Spells with Sharjah and Al Shabab, where he worked under Mackay, in the United Arab Emirates followed, and he later followed the Scot to fourth division Doncaster and ultimately succeeded him on a caretaker basis, only for new owners to install former Leeds skipper Billy Bremner in his place.
It was with Wimbledon that Kinnear would finally make his name as a manager.
Initially recruited by FA Cup-winning boss Bobby Gould as his reserve team coach, he was handed the first-team reins in January 1992 following Peter Withe’s dismissal by chairman Sam Hammam.

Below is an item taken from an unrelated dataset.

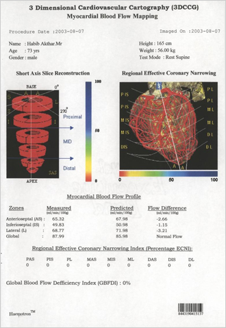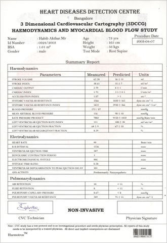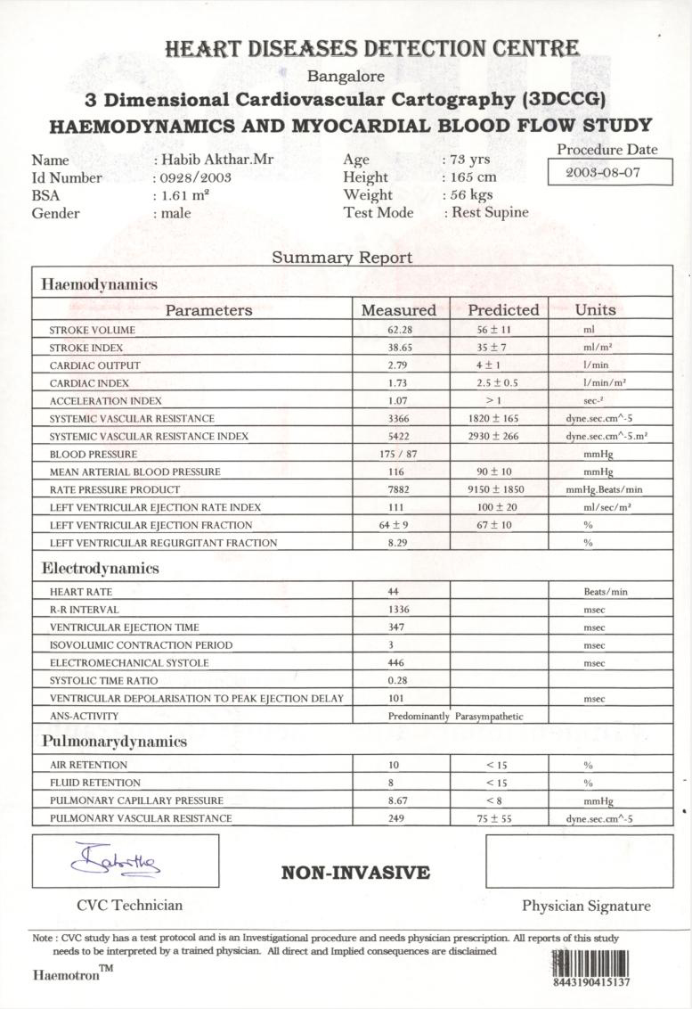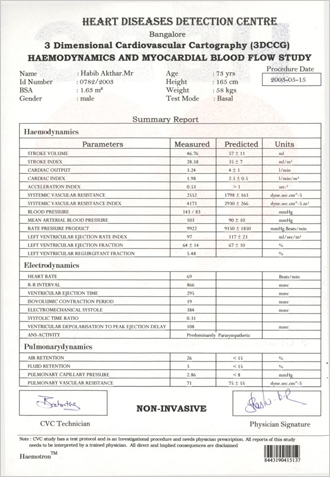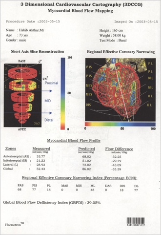 Hear is a case of a 73 year old Man who was under the cardiac care in a reputed Hospital He was under different medicines. He took our consultation on 15th may 2003 we had done the CVCG of the patient before the starting of the case as well as in August 2003. We asked the patient to discontinue all allopathic medicines with in a week of starting of our treatment. At start he had a blood flow deficiency of around 40% in a span of 2 months it has become 0%. Also his total health has become absolutely Normal with out any medicines from allopathic and we also discontinued our medicines after the satisfactory results. Any one like to interview the patient can talk to him over Phone. The total medication in this case was only 2 doses of NUX 1m
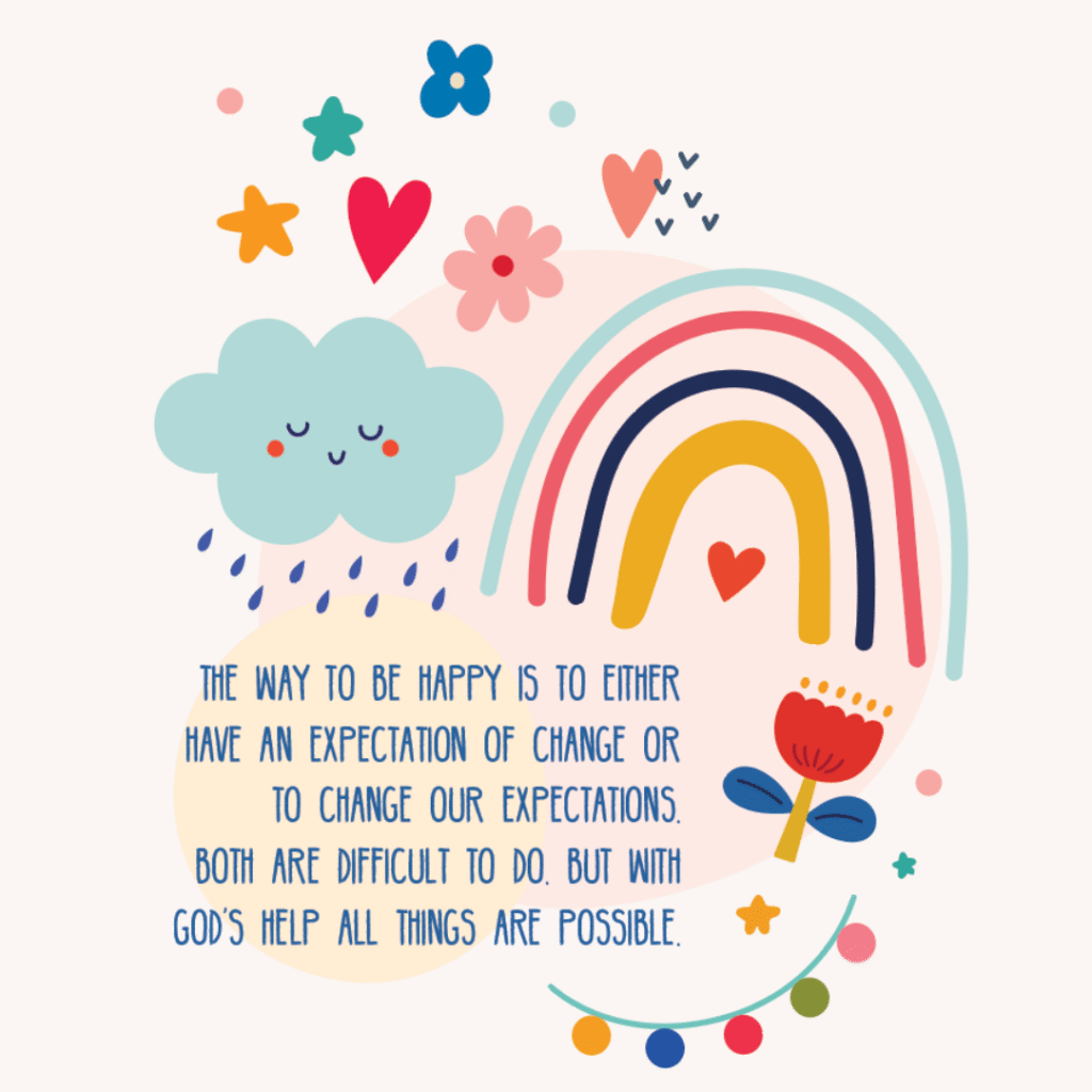 The way to be happy is to either have an expectation of change or to change our expectations. Both are difficult to do. But with God’s help all things are possible.

With ‘Crazy Gang’ stalwart Vinnie Jones returning from Chelsea as club captain, Kinnear guided the Dons to sixth place in the Premier League in his second full season and three major semi-finals on modest resources, with his man-management skills and tactical awareness establishing an unbreakable bond with his players.
In March 1999 he suffered a heart attack and, in the aftermath, decided the time was ripe for change, despite Hamman having promised him a job for life.
A brief spell as director of football at Oxford was followed by an eventful reign at crisis club Luton and a difficult tenure at Nottingham Forest, although it was at Newcastle that he was catapulted back into the headlines.
Kinnear had been out of work for almost four years when, after an exhaustive search had failed to find a successor to manager Kevin Keegan following his departure in September 2008, controversial owner Mike Ashley asked him to take caretaker charge, to the fury of fans already in open revolt.
His first press conference descended into an expletive-ridden rant, in the process earning himself the nickname ‘JFK’, with no prizes for guessing for what the ‘F’ might stand for, and his subsequent appearances before the media were often entertaining, if not always factually accurate.
His reign proved short-lived when fresh heart problems forced him to step down, although Ashley turned to the Irishman for a second time in June 2013, this time as director of football, a move greeted by the city’s evening newspaper, The Chronicle, with the front-page headline: “What a joke.”
He lasted only seven months, tendering his resignation in February 2014 amid the fall-out over Yohan Cabaye’s £19million sale to Paris St Germain, significantly below the club’s valuation, and without having made a single permanent signing.
Kinnear dropped out of the spotlight in the wake of his departure from St James’ Park and his wife revealed in September 2021 that her husband had been living with dementia since 2015.